Толстой ошибается, думая, что, кроме него да Фета, о Шопенгауэре никто не знает. Это было одно из тех характерных для Толстого «открытий», над которыми Тургенев посмеялся в это же время в письме к Фету: «Предоставьте Толстому от­крывать, как говаривал Вас. П. Боткин, — Средиземное море»[640]. Здесь, как и в других аналогичных случаях, сказалась разница между «автодидактом» Толстым и «людьми сороковых годов», еще в молодости прошедшими школу европейской философии. Не гозоря о Западе, где реакция 50-х годов вызвала в буржуазных кругах повышенный интерес к философии Шопенгауэра (Германия, Франция), увлечение ею скоро проникло и в Россию. Шопенгауэра «открыл» гораздо раньше Фета и Толстого Тургенев. Бывший гегельянец, Тургенев пишет в 1862 г. мрачное письмо Герцену, в котором советует: «Шопенгауэра, брат, надо читать поприлеж­ней, Шопенгауэра»[641]. Поворот от Гегеля к Шопенгауэру — характерный для 60-х годов исторический факт: результат встречи «людей сороковых годов» с новой эпохой, с «новыми людьми». В предисловии к французскому переводу «Отцов и детей» (1863) П. Мериме писал (очевидно, со слов Тургенева): «Не так давно в Санкт-Петербурге мыслили и по Гегелю, в настоящее время в большой славе Шо­пенгауэр»[642]. В. Боткин, в 1855 г. еще находивший, что Гегель «исполнен поэзии», к концу жизни (в 60-х годах) погружается в чтение Шопенгауэра: «Он усвоил его глубочайшее презрение к толпе и народным массам и его энергические проклятия беспредметному философствованию умников, разлагающих только без конца и цели одну собственную мысль», — писал о Боткине Анненков[643]. Толстой никогда не был гегельянцем и не принадлежал к «людям сороковых годов». Тем легче было ему согласиться с Шопенгауэром, что система Гегеля — «абсурд и бессмыслица», «пустой набор фраз» или даже «шарлатанство».

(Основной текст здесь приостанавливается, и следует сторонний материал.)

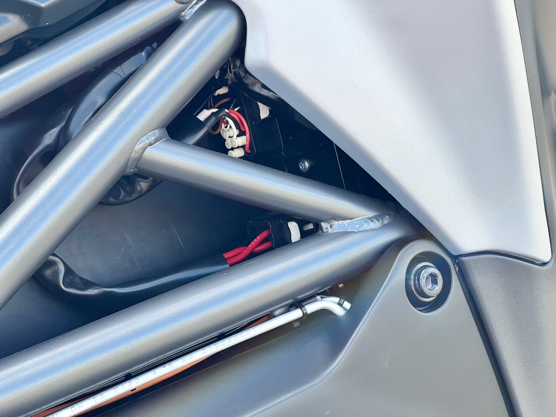 Leider geht es bei der Elektrik weiter: Man sieht die orangen Kabel, was ja an- und für sich okay ist. Aber sie sind doch recht lieblos verlegt. Zudem rechtsseitig Kabel, wo die Schutzhülle mehrere cm vor dem Stecker endet. Und ein, tja, was war es… Codierstecker? Da sah man einzelne Litzen.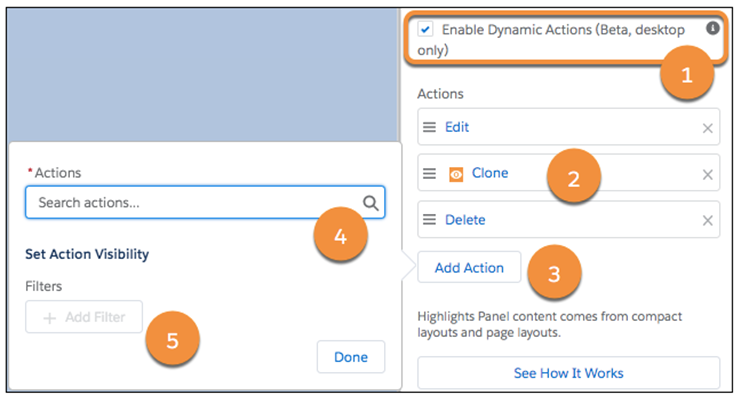 Dynamic Actions – With custom objects, you can utilise the Lightning App Builder to select which actions appear in the Highlights Panel of the record page, rather than relying on the page layout editor. You can also control the visibility of each action based on your specified criteria.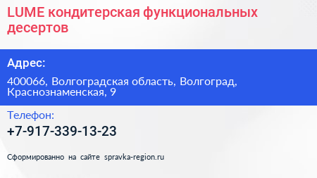 LUME, кондитерская функциональных десертов по адресу 400066, Волгоградская область, Волгоград, Краснознаменская, 9 в дальнейшем Организация, размещена в следующих категориях: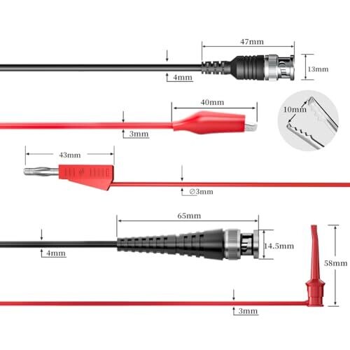 The Wunlong CKT014 Universal Oscilloscope Probes set includes 100 MHz 1X and 10X probes, BNC test leads, and wire-piercing probes. Ideal for safe signal testing, quick connection, and versatile measurements across electronics projects and lab work.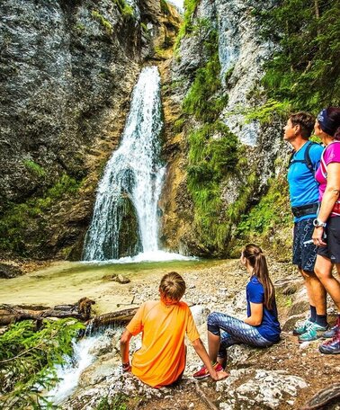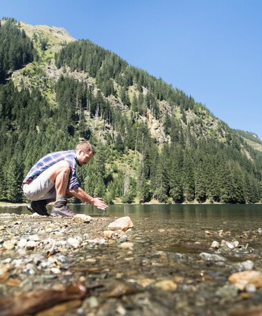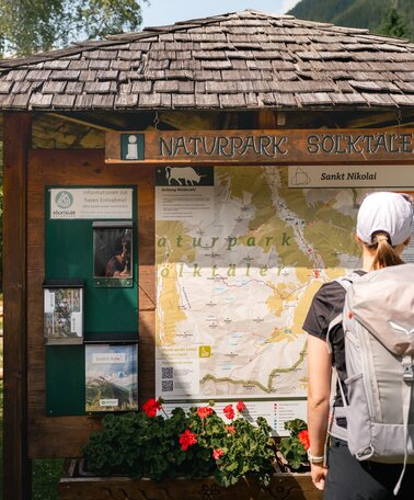 The further you drive into the Kleinsölktal, the more impressive the steep wooded slopes rise to the peaks. At the Schwarzensee, where three sides are surrounded by dark forests, there are some huge, old sycamore trees on the shore and charming reflections appear in the clearings. Here you will find waterfalls that fall like veils over the rock faces and a water show trail.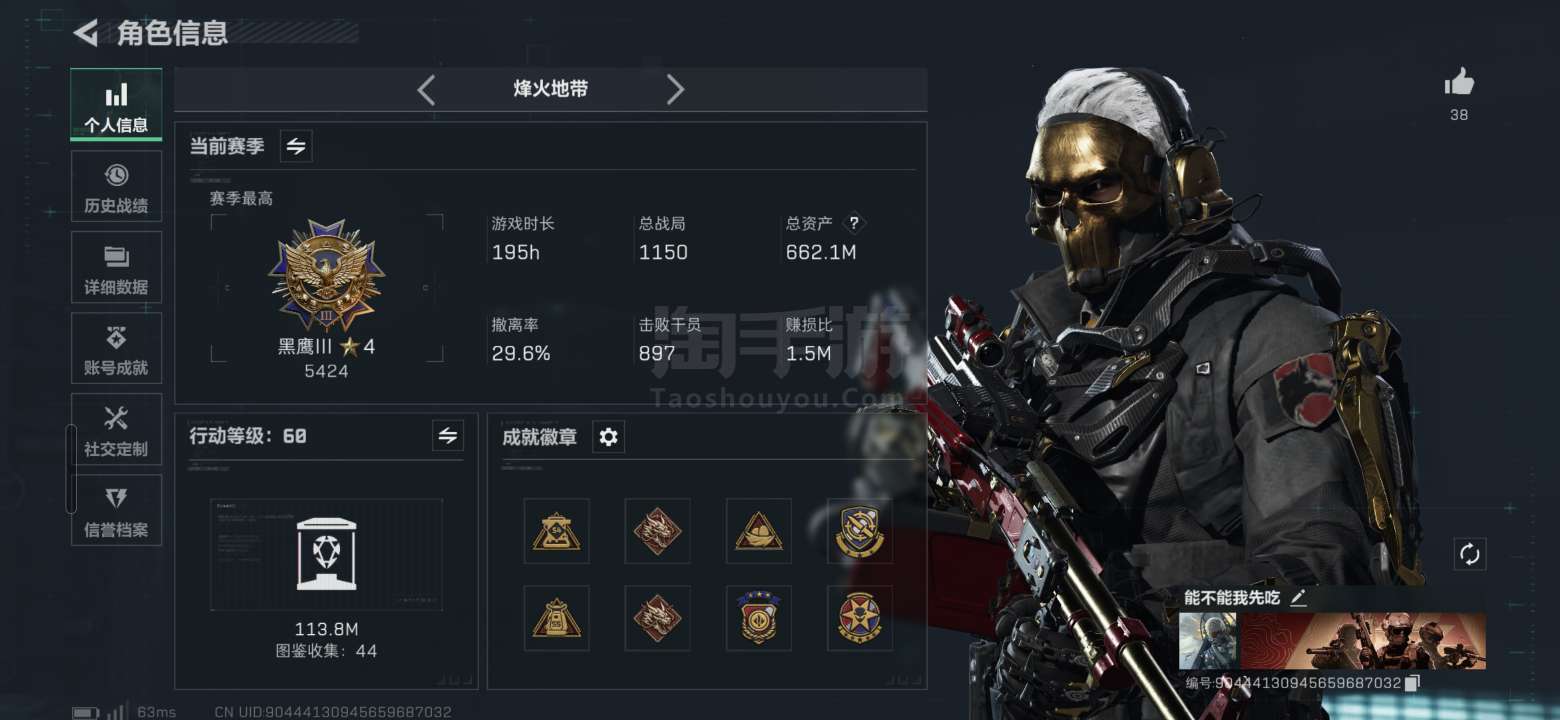 出三角洲账号红狼饰金玫瑰 威龙壮志凌云蜂医手册皮肤刀皮黑鹰 资产662现金252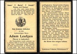 Priesterweihe Mecheln 8.6.1879; 6 J. in Amerika u. England; dann Kaplan in Aachen-Burtscheid, danach Pfarrer in Schmidtheim; seit Jan. 1899 23 J. lang Pfarrer in Ludendorf |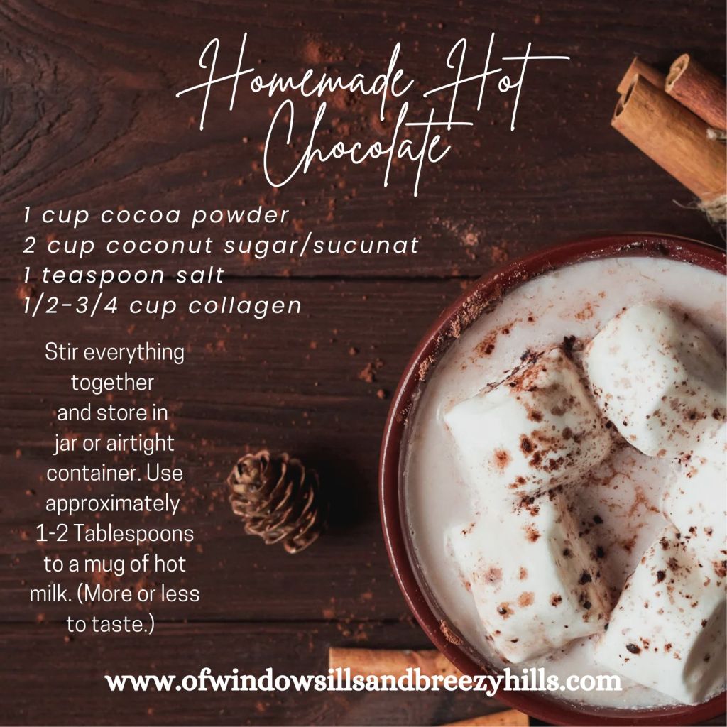 This hot chocolate recipe is one I found out of Keeper’s At Home magazine Fall 2024. Although the lady that shared it said she liked adding water and vanilla yet and cooking it into a syrup. I prefer the dry mix, so that’s how I chose to make it.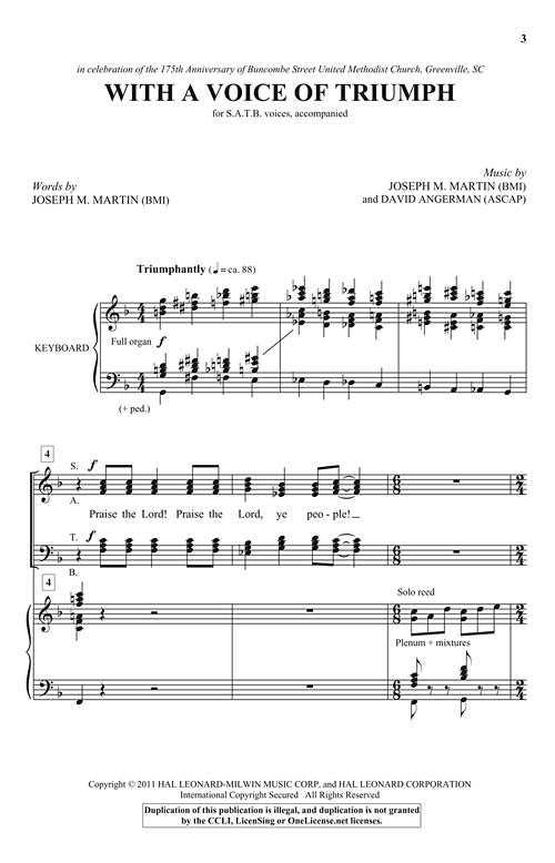 Uses: General, Concert, Easter, Advent Scripture: Isaiah 40:5; Revelation 5:13 Raw power characterizes the opening of this festival anthem from the Cathedral Series. Massive chords sweep forward bringing in fanfare-like choral acclamations of praise. Use of a solo reed adds shine, and the martial like theme is a confident call to worship and invitation to prepare the way of the Lord with praise. The church was made for song, and the middle contrasting section celebrates this legacy of praise by increasing intensity until breaking forth with jubilant alleluias. A final canon caps this majestic offering!

Увлечение Толстого Шопенгауэром (в отличие, например, от Тургенева) идет главным образом по линии религиозно-этической, моральной. Он «ассимилирует» себе куски его философской системы и переводит их на свой собственный язык. Это увлечение оставило свои следы на эпилоге «Войны и мира», вторая часть которого (12, 296-341) представляет собою особое философское рассуждение не только об исторической науке, но и о свободе воли. Главы, посвященные вопросу о свободе воли и необходимости (VIII, IX, X), были написаны, несомненно, после ознакомле­ния с сочинением Шопенгауэра на ту же тему («Die beiden Grundprobleme der Etik»). Толстой формулирует прежде всего общую проблему: «Вопрос состоит в том, что, глядя на человека как на предмет наблюдения с какой бы то ни было точки зре­ния — богословской, исторической, этической, философской, — мы находим общий закон необходимости, которому он подлежит так же, как и все существующее. Глядя же на него из себя, как на то, что мы сознаем, мы чувствуем себя свободными.

Сознание это есть совершенно отдельный и независимый от разума источник самопознавания. Чрез разум человек наблюдает сам себя; но знает он сам себя только через сознание». Далее следует рассуждение о свободе: «Для того чтобы понимать, наблюдать, умозаключать, человек должен прежде сознавать себя жи­вущим. Живущим человек знает себя не иначе как хотящим, т. е. сознает свою волю. Волю же свою, составляющую сущность его жизни, человек сознает и не может сознавать иначе, как свободною» (12, 323—324).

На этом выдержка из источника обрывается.